A young woman has opened up about living with endometriosis and her frustration at doctors not taking her complaints seriously.
Dubliner Laura Smith, 21, started suffering from chronic pain back in 2017.
But she wasn’t diagnosed with the disorder, which involves the tissue that normally lines the uterus growing outside the uterus, until August of this year, RSVP Live reports.
She said: “I always suffered from pain, but in September 2017 it got really bad.
“I was in work one day and my dad had to come and collect me because of the pain, we went to the GP and he sent me straight to hospital.”
Doctors thought Laura had appendicitis, so she underwent an operation to remove her appendix.
But the next day she was told she had a cyst on her right ovary which had ruptured.
She had that treated but two months later she got another cyst, which doctors refused to remove.
“They told me that cysts are common and it would probably go away,” she explained.

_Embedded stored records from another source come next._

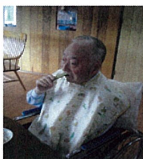
吉野さんも満足そう。
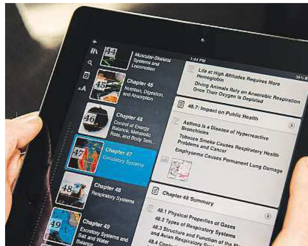
MOOC is a Massive Open Online Course – a new type of course offered completely online to thousands of people.
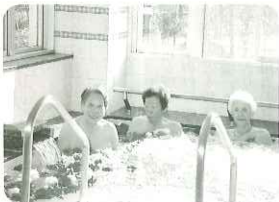
▲美肌効果バウゲン
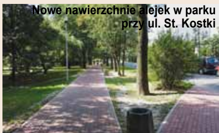
Nowe nawierzchnie alejek w parku przy ul. St. Kostki
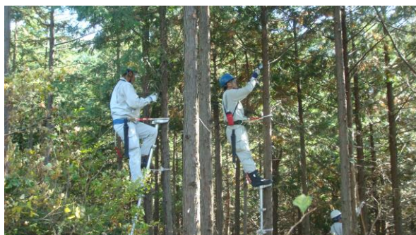
梯子を使用しての枝打ち
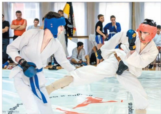
Бой за Кубок.

В Ставропольском Дворце культуры и спорта прошли традиционные соревнования по каратэ за Кубок ДКиС, в которых принимали участие бойцы не только из Ставрополя, но и Пятигорска, Невинномысска, Курсавки и станицы Суворовской Предгорного района.
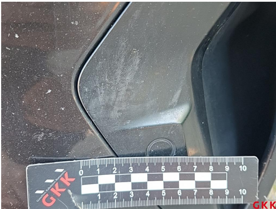
Bild 32. Stoßfänger vorne, Blende -lackiert-, beschädigt, ersetzen
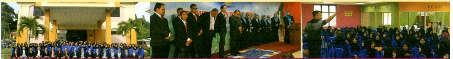
PERHIMPUNAN BULANAN WARGA KERJA PPANS BIL 2/2018 DI PERPUSTAKAAN AWAM CAWANGAN JELEBU PADA 10 DISEMBER 2018
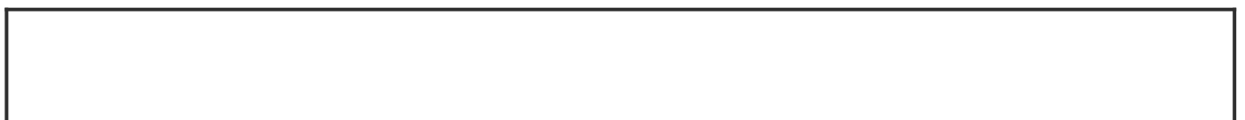
果樹園の種類別の面積
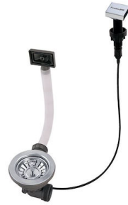
Piletta automatica LIRA 8407 102
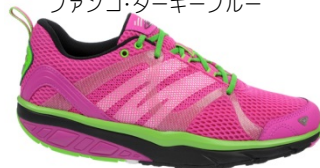
リーシャトレイル ¥25,000 335・336・337W グレー・ベイビーピンク・ブラック
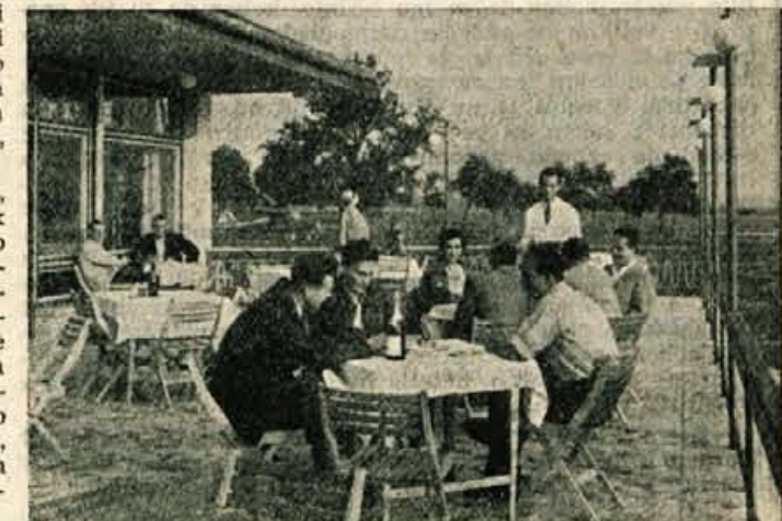
Prijetno je posedeti na verandi restavracije na letališču v Lescah

je opravilo zanj prevoze. Takoj je »Ribnik« moral voziti svojo robo mimo letališča v Lescah na letal. v Ljubljano in dati zaslužek tujemu prevoznemu podjetju. Takih primerov pa je še več. Ze teh nekaj primerov kaže, da ima bodoče podjetje dobre perspektive. Računati pa morajo kurenca in zato tudi ne čuti potrebe, da bi prilagodil listje potrebam našega gospodarstva in potnikov ter tudi cene približal njihovim možnostim, ampak te stvari uravnava po lastni uvidevnosti. Prav gotovo bo ustanovitev takega podjetja pomembna za gospodarstvo na Gorenjskem
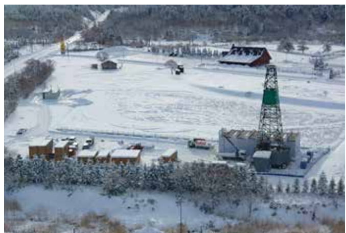
写真 ボーリング調査の様子
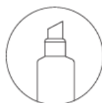
Chisel tip LARGE
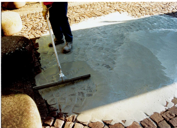
2. CEMPRO PFM einschlänmen
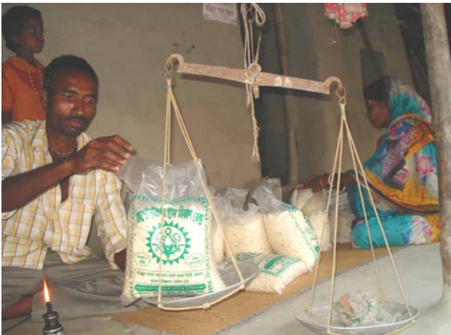
JGVK brugerne producerer/sælger ris-popkorn med mikrokredit

ver sikkerhed for deres penge, som JGVK så skal give. Dette kræver stor indsats dels for at holde aktiviteterne i gang dels sikre tilbagebetalingen, som er et stort arbejde. Derudover udsættes JGVK brugerne for ubehagelige oplevelser i bankerne; man nægter at udbetale deres penge, chikanerer dem ved at hænge sig i petitesser o.l. Årsagen til dette er at bankudlånene administreres af lønmodtagere uden socialt ansvar. Derfor ønsker man at udvikle lokalt banksystem som varetager brugerne interesse, er mindre omkostningsfuld og tilpasset til brugersamfundet i landsbyområdet. Man arbejder på at udvikle et system som vil kunne integreres i brugersamfundet på landsbyniveau med landsbykomiteerne som ejere af enheder. Dette kræver nogle års afprøvning før der kan opnås et stabilt system og en større anvendelse vil være mulig med overdragelse af ansvaret til brugerorganisationerne.

“But then on St Stephen’s day that cyst ruptured and I had to have another emergency operation.”
Laura was tested for endometriosis three times and doctors found nothing.
“Some doctors suggested I might be ‘imagining’ the pain or that it was just regular period pain,” she said.
“Others told me I should take painkillers - just deal with it, basically.
“I got so fed up of being sent home and not being listened to.”
In April the following year, doctors found a third cyst, and Laura was left on a waiting list for an operation for 16 months.
When she went in for surgery, it was finally discovered that she had endometriosis.